I have created a ticket here
https://issues.apache.org/jira/browse/TIKA-2037
Regards,
Eli Trucco
On 20.07.2016 16:56, Allison, Timothy B. wrote:
Are you able to share some examples? If so, please open a ticket.
-----Original Message-----
From: Eli Trucco [mailto:theknight...@yahoo.com]
Sent: Wednesday, July 20, 2016 10:39 AM
To: user@tika.apache.org
Subject: Problems with email attachments
Hi guys,
So I'm currently writing a small app that reads a directory and generally
parses all documents inside it including extracting all their
attachments/embedded files (if exist). I use Tika to achieve this, however I
stumbled across a couple of problems while parsing .eml files from Thunderbird.
Some of them are wrongly identified (as text/html, or
application/xhtml+xml) and in a lot of them, the attachments are not detected.
I tried to parse 20 random eml files with attachments (pdf,txt,html,etc), and
at least 10 of them are either identified as html, or correctly identified as
rfc822 but the attachments are not extracted.

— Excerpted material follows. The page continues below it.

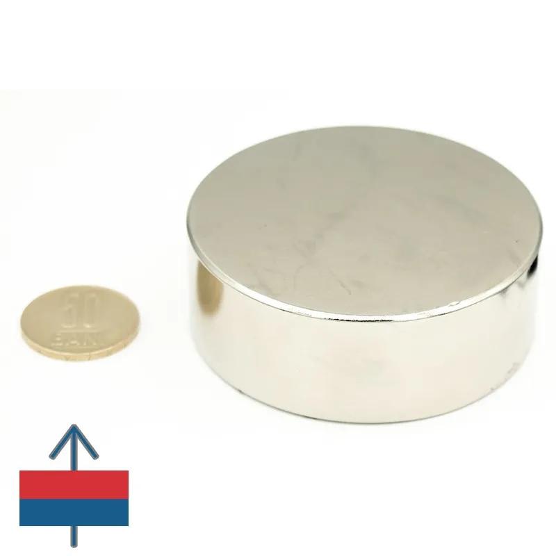 Много мощни неодимови магнити с диаметър 70 мм. Препоръчваме повишено внимание за неподготвените с работа с неодимови магнити: ако не се борави правилно, те лесно могат да причинят синини. Поради силното намагнитване N52, за да отделите магнита от плоска металева повърхност с дебелина минимум 2 см и високо съдържание на Fe, е необходима сила на дърпане перпендикулярно на повърхността около 130 кг. С този неодимов магнит можете да фиксирате, движите или повдигате метални предмети. Обикновено този тип магнит се използва за: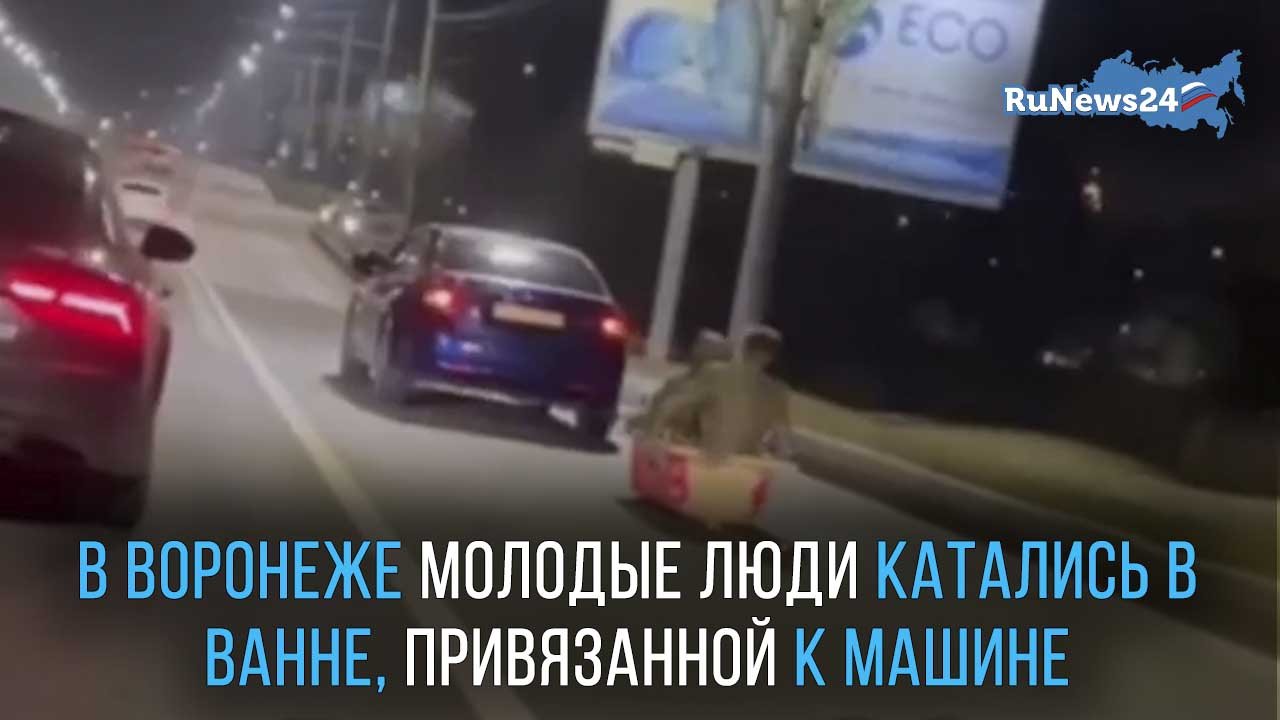 В Воронеже задержали мужчин, которые катались в ванне, прикрепленной к машине

I tried the same files using
TikaCLI -z option with the same result :(
What I did: I extended the class ParsingEmbeddedDocumentExtractor to extract
and store the attachments somewhere else (exactly as shown in this example code
https://github.com/apache/tika/blob/master/tika-example/src/main/java/org/apache/tika/example/ExtractEmbeddedFiles.java).
Is it the correct, or is that another way to do this? Any idea to improve the
type detection or how to extract the attachments better would be really
appreciated !
Regards,
Eli Trucco